Is there a thread on XDA about this?


----------



## mmf01

Bytez said:


> Is there a thread on XDA about this?


Here ya go..No solution yet, but folks are already discussing..

http://forum.xda-developers.com/showthread.php?t=2678200


----------



## deaddeeds

http://forum.xda-developers.com/showthread.php?p=55757940#post55757940

We will have to wait and see, but I am not giving up my rooted S4 for Tivo. Way too much bloatware from big red to go back.


----------



## tomhorsley

There is also this thread:

http://forum.xda-developers.com/showpost.php?p=55755929&postcount=315


----------



## Captainbob

deaddeeds said:


> http://forum.xda-developers.com/showthread.php?p=55757940#post55757940
> 
> We will have to wait and see, but I am not giving up my rooted S4 for Tivo. Way too much bloatware from big red to go back.


Buy a Nexus phone. My Nexus 4 has no bloatware,* always has the latest version of Android, as soon as it is released *and I don't have to root it and possibly screw up it's functionality with different apps.


----------



## Endymion_

Sadly, "buy a Nexus phone" is not an honest alternative here. Although it is free of garbage apps that AT&T, T-Mobile, Verizon and other carriers load down their phones with, there are still (surprisingly) far too many things that you just can't do on a completely carrier-free unlocked phone or tablet. That includes the Nexus line, too. The Nexus line serves a good purpose and are absolutely a great value, but the additional functionality that root (or even CFW) provide will never be replaced by just using a different phone or tablet.

We just have to sit tight, this will get licked, no doubt about it.


----------



## mrsean

Endymion_ said:


> Sadly, "buy a Nexus phone" is not an honest alternative here.


Especially, if you're on VZW. Google is done with them as far as the Nexus brand is concerned.


----------



## tomhorsley

It does seem like a custom kernel could permanently solve the problem by hooking into every known interface an app might use and artificially changing the results of service calls made by certain apps .


----------



## Big Boy Laroux

Tivo app not working? Solution - go buy a new phone! Yeesh.

I don't care that much about bloatware on my G2, I just ignore it. But the customization options available using something like Xposed are the reason I root. Even the stock android experience can be bettered with xposed mods like XGELS.
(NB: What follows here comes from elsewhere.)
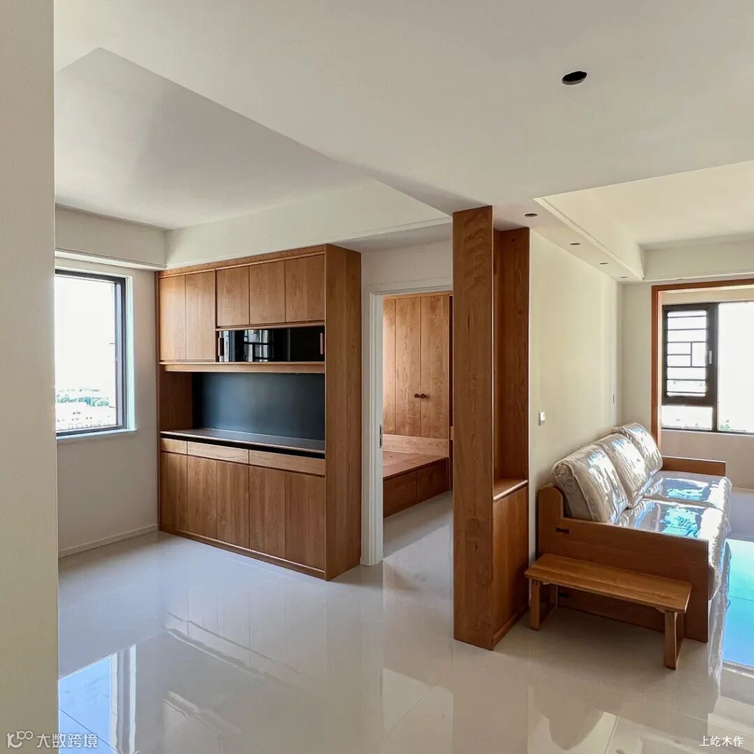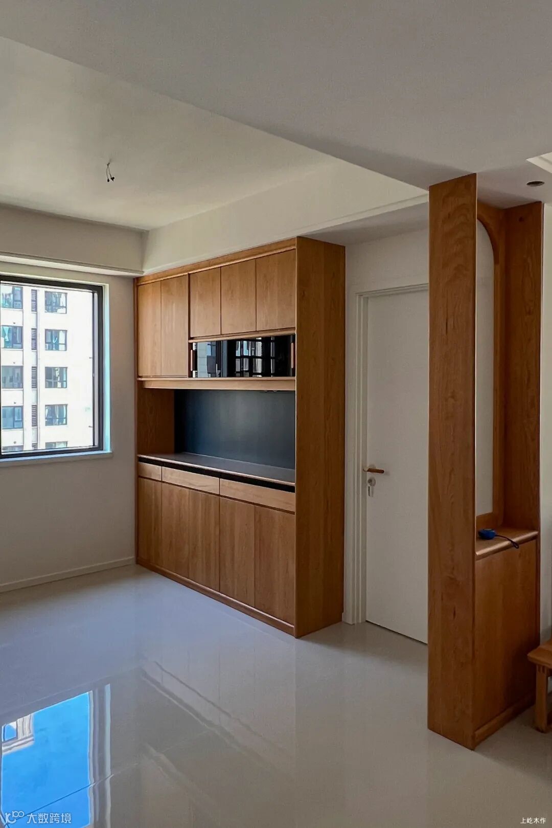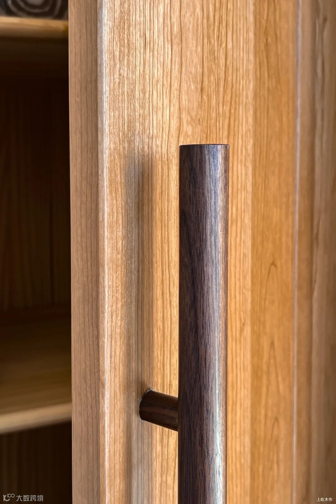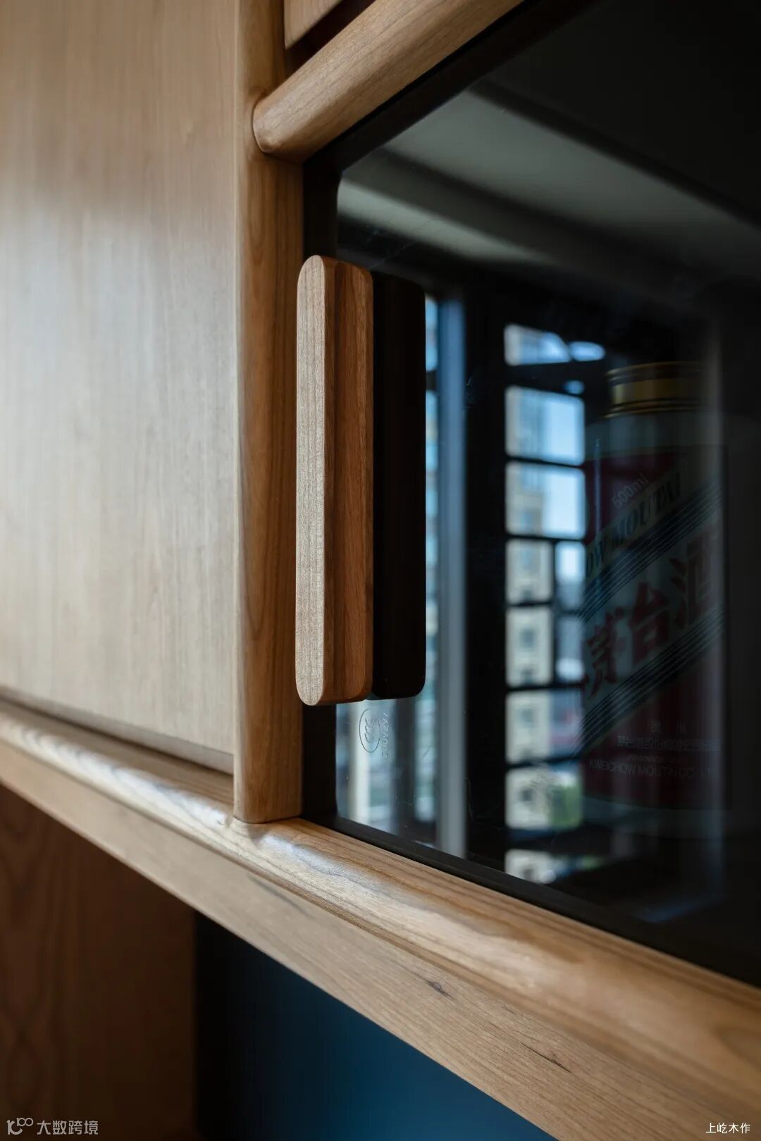 灰玻的小推拉门搭配木质的拉手,显得格外的精致

But anyway, I also await word on a solution. So far, the xda thread is full of equally "helpful" solutions like kmttg and streambaby, which are great and all, but do not solve this issue nor answer the question.


----------



## Nyce_1

I posted this in the other thread, but not sure if it's truly a good solution or not, but have any of you tried the app: "Triangle Away"? It resets the flash counter embedded in the device. I experimented with rooting my Note 2 (about a year ago) and installed custom ROMs, but came into an issue where some apps wouldn't fully function on my tinkered device. I used Triangle Away to set my counter back to 0 and some apps worked flawlessly after. 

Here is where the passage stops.